Is the Obamacare problem a public or a private problem?: My WSJ greets me on the front stoop this AM with the banner headline on the “Depth of Health Law Woes,” based on the rise of “thin” markets with too few private insurers to generate cost-saving competition. ...
First, while the Journal article is surely informative, it violates my rule #1 in this space: when writing about private exchanges, declare up front that we’re talking about 7 percent of the population. That’s the share that get coverage through the ... the exchanges. ...
Those shares don’t negate the thin market problem at all, but they do give it essential context. Most people still get their coverage through their employer (about 50 percent) and Medicare or Medicaid (34 percent).
But my question today is whether this spate of articles is accurately framing this problem. That is, diminished competition among insurers in various markets is invariably framed as an architectural flaw in Obamacare, and thus, a government failure. But it could just as easily be seen as market failure, or more specifically, a pricing-calibration problem. If so, the problem isn’t too much government intervention; it’s too little.
The theory of the case when the law was being crafted was, for both policy and political reasons—the latter being buy-in from private insurers, whose powerful lobby couldn’t be ignored—that the exchanges would be populated by private insurers competing for customers in the (relatively small!) non-group market.
The insurers would get a bunch more customers, most of whom would come to the table with a tax credit to help pay the cost of their subsidy, a non-trivial deal sweetener for the private insurers (not to mention the mandate, further nudging customers into the exchanges). In return, they’d have to accept a set of rules designed to promote adequate coverage, like accepting applicants with pre-existing conditions and “community rating:” no price discrimination based on health status.

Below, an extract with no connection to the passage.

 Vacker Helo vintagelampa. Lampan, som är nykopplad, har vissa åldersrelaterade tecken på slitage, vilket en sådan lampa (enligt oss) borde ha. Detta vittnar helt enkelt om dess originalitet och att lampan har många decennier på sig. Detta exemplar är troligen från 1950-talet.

At the time, there was a robust argument about the wisdom of this path. While it was the least disruptive to a major industry, the long history of the uneasy relationship between health care and markets, along with the experience of other advanced economies, led many to worry that private insurers could not be depended on to meet the demands of a newly regulated individual market. They had an incentive, for example, to set their initial prices too low to get customers, which would mean actuarial losses and a big jump in premiums (one solution was to add a program to limit losses to such insurers: the so-called “risk corridors”).

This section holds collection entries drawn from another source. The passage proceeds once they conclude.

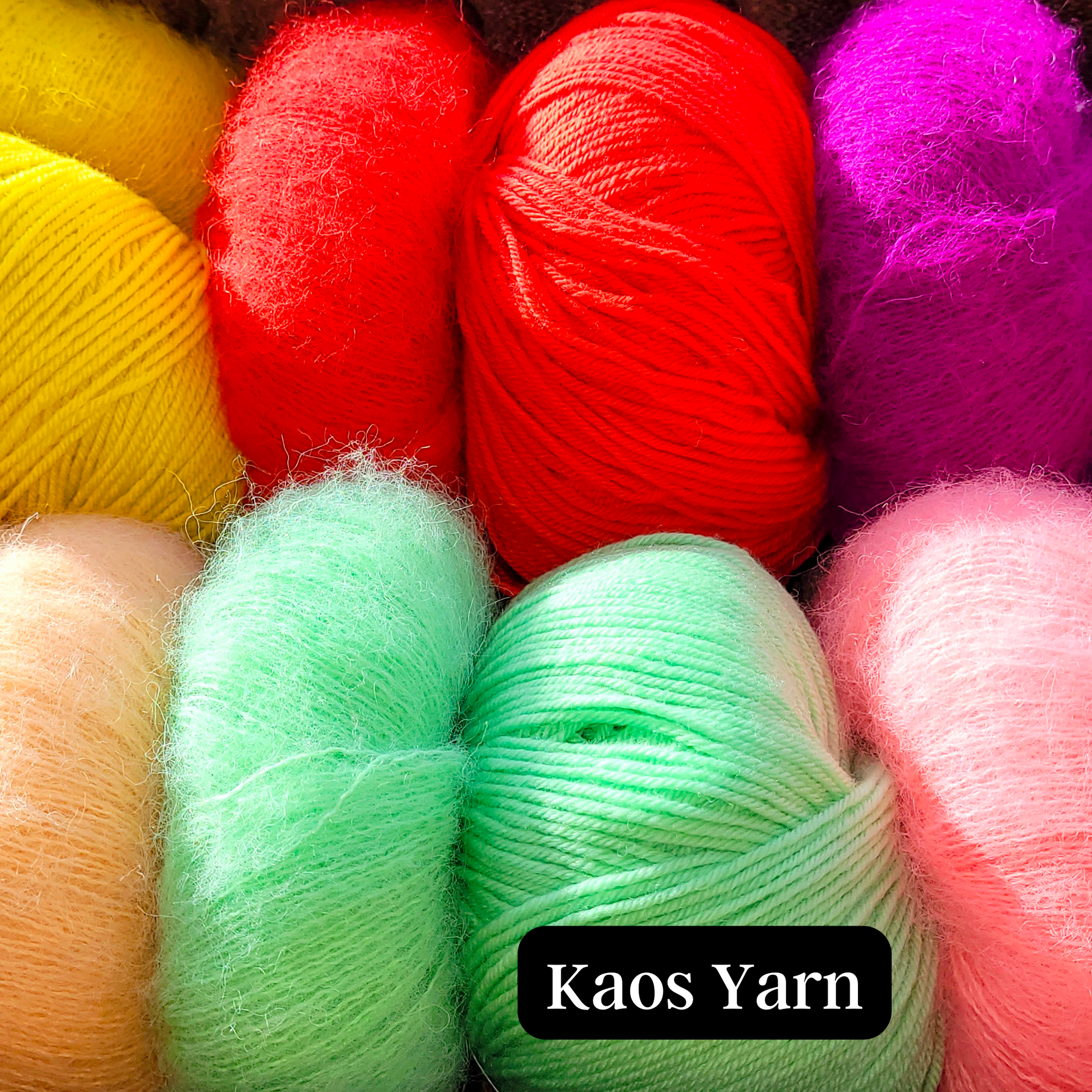 - Duo en Kaos (Fil tricoté en double) : Alpaga brossé (5 pelotes) + mérinos : (5 pelotes) = 152,5 $
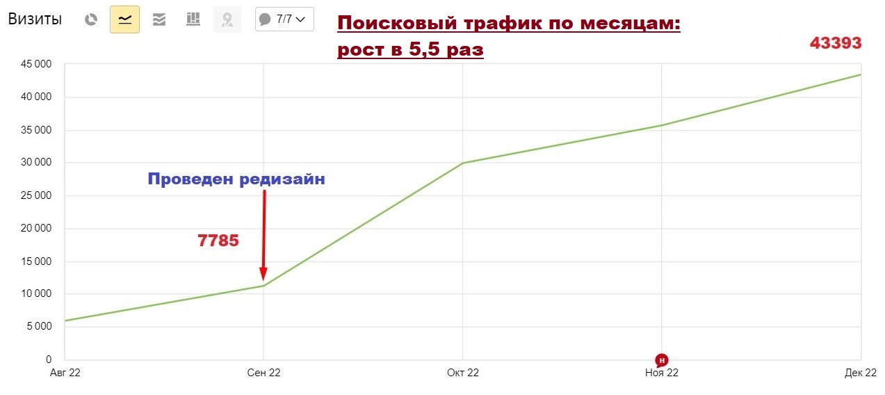 Как мы видим, дневной трафик возрос в 3 раза – с 600 до 1750 гостей в день. А ежели глядеть по месяцам, то рост трафика с сентября по декабрь 2022 составил более чем 5 разов (с 7785 до 43393 неповторимых гостей за месяц) .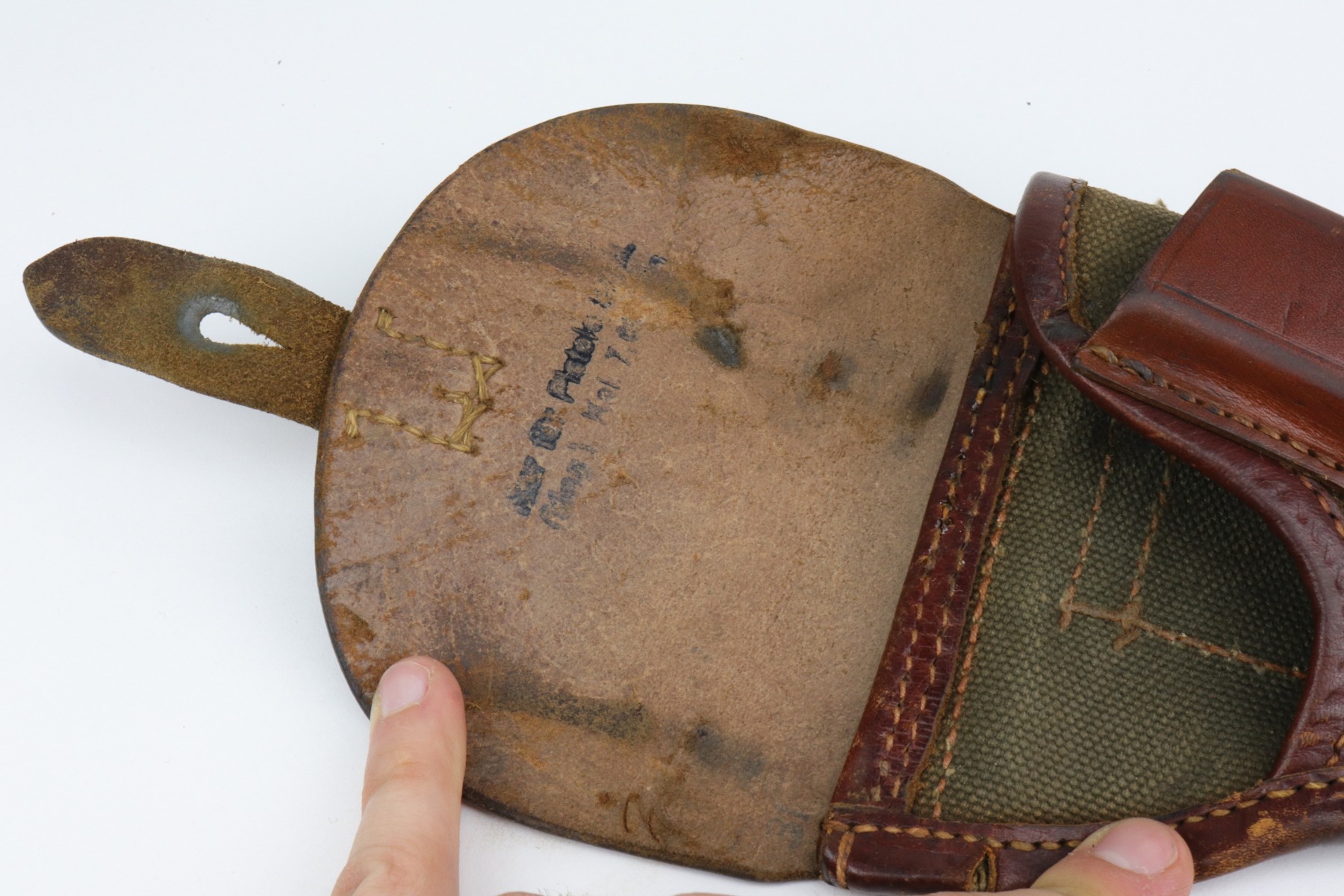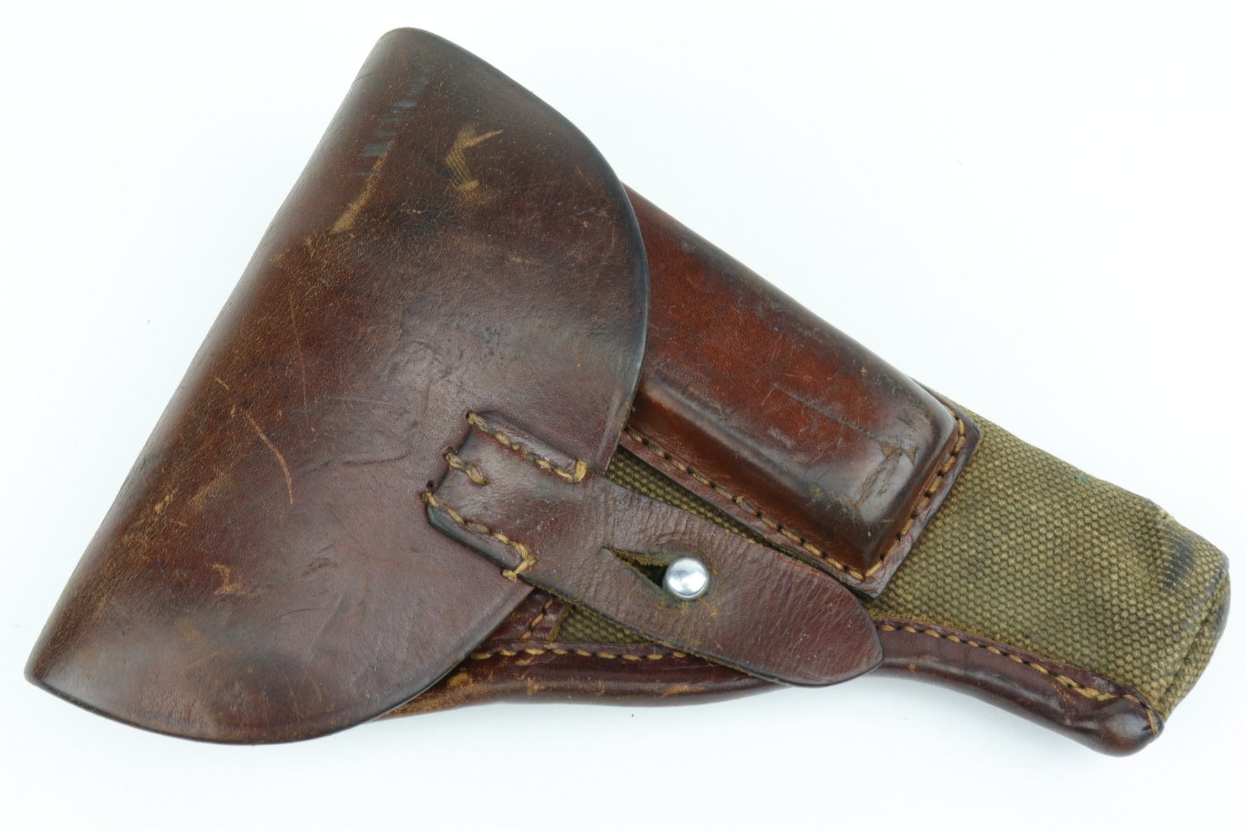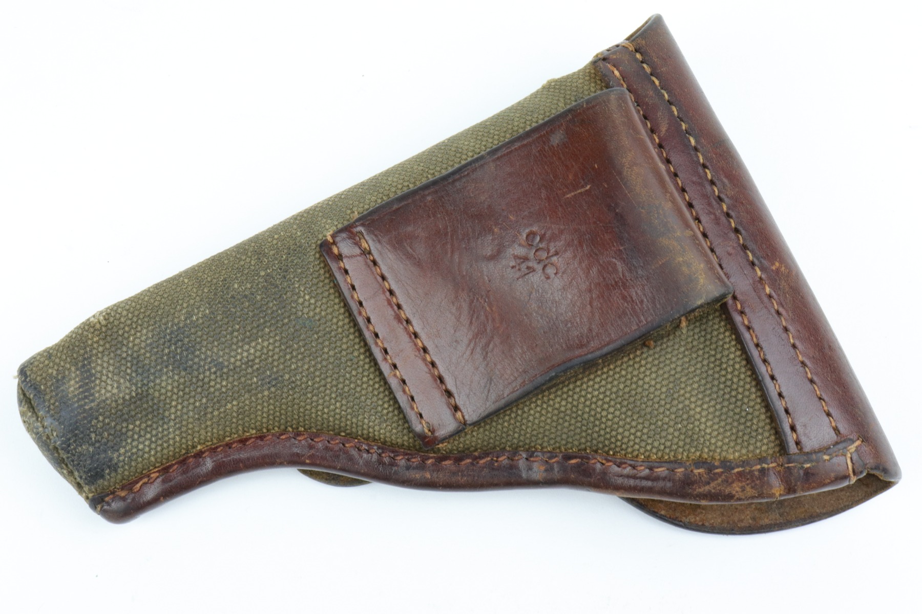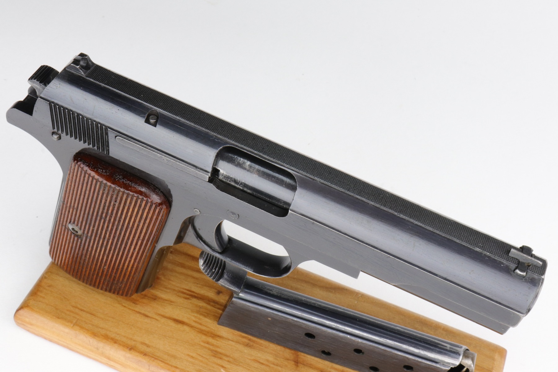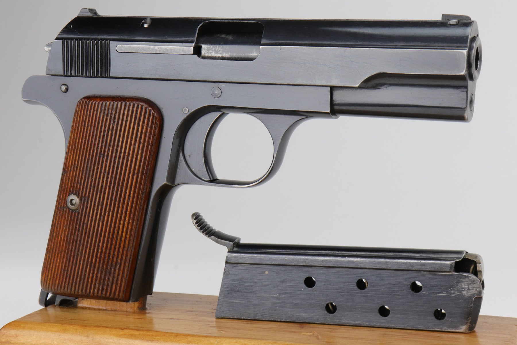 1/7/21 – This is an excellent example of a Femaru M37 issued to the Nazi Luftwaffe in 1941. It is all matching and has a proper military waffen proof on the trigger guard. The rig comes with two original matching magazines and a rare canvas tropical holster. The holster is Luftwaffe-proofed and is dated 1941. The gun is in excellent condition, retaining about 95-96% of its original bluing. There are areas of very minor wear around the muzzle, high edges of the slide, underside of the slide, and on the straps. Some minor oxidation on the back strap. Excellent period-correct grips. The bore is excellent – shiny with strong rifling.

This was partially the motivation for adding a public option, but the politics blocked that option (some will argue that the administration, of which I was then a member, didn’t push hard enough; I’d argue the votes just weren’t there). The private folks didn’t want to compete with anything like Medicare, which consistently posts lower price growth than the privates—it is non-profit, after all—and their message was thus, “we got this.”
Well, it turns out they don’t got this, though again, this is less a failure in the structure of the program than growing pains as insurers learn to price their products based on the health of those coming into the exchanges. If there’s a structural flaw in Obamacare, it’s that it doesn’t include the public option. Those of us who pulled for it had it right in that we saw the need for just such a backstop.

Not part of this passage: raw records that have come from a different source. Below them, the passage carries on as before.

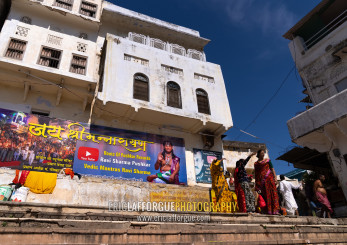 Indian pilgrims on the bathing ghats, Rajasthan, Pushkar, India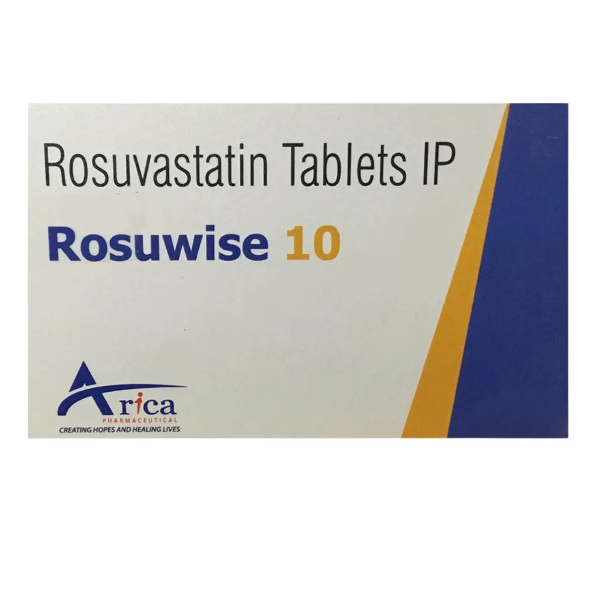 Rosuwise 10 mg Tablets belong to the class of medications known as statins, which are prescribed for the purpose of reducing levels of cholesterol and triglycerides in the bloodstream, thereby lowering the risk of developing cardiovascular diseases. Cholesterol is a lipid that can accumulate within blood vessels, leading to their constriction, which may result in serious events such as heart attacks or strokes. This medication is frequently prescribed and is considered safe for long-term administration. It may be taken either with food or on an empty stomach and can be consumed at any time throughout the day, although establishing a routine time each day is advisable. Many individuals with elevated cholesterol levels do not exhibit any symptoms. However, discontinuing this medication may result in elevated cholesterol levels, worsening the condition and heightening the risk of heart-related issues. Routine monitoring of cholesterol levels is crucial. The use of this medication should be viewed as a component of a broader treatment plan, which includes dietary modifications, consistent physical activity, cessation of smoking, moderation in alcohol consumption, and weight management. While taking this medication, individuals can maintain a normal diet, though it is wise to limit the intake of high-fat foods. It is important to note that side effects may occur, and regular consultations with a healthcare provider are recommended to ensure safety and efficacy in treatment.
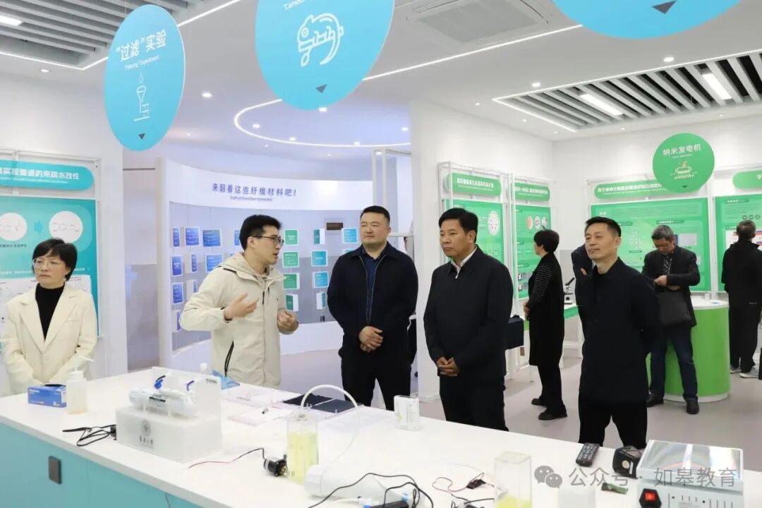 教育界别组实地考察了我校科技特色建设情况。顾留忠一行走进由我校杰出校友、中国科学院院士朱美芳打造的纤维材料科学体验馆,近距离观摩前沿纤维材料科研成果,体验互动科普设施,深入了解展馆科普育人建设情况,对展馆依托科研资源赋能学生成长、厚植科创理想与科研报国情怀的育人成效给予了高度肯定。

To be fair, a public option is itself a tricky bit of work, and it’s too easy to make it sound like a hand-wave, miracle solution (see Jacob Hacker’s excellent discussion of these issues here). But you know what else is a big, old hand wave?: the miracle of competition, allegedly solving everything that ails the health care market.
Obamacare is a public/private hybrid, and this recent episode with the 2017 premiums should teach us that dialing back the public side is not the way forward. To the contrary, the private sector never has and never will provide the health care Americans want and need on its own.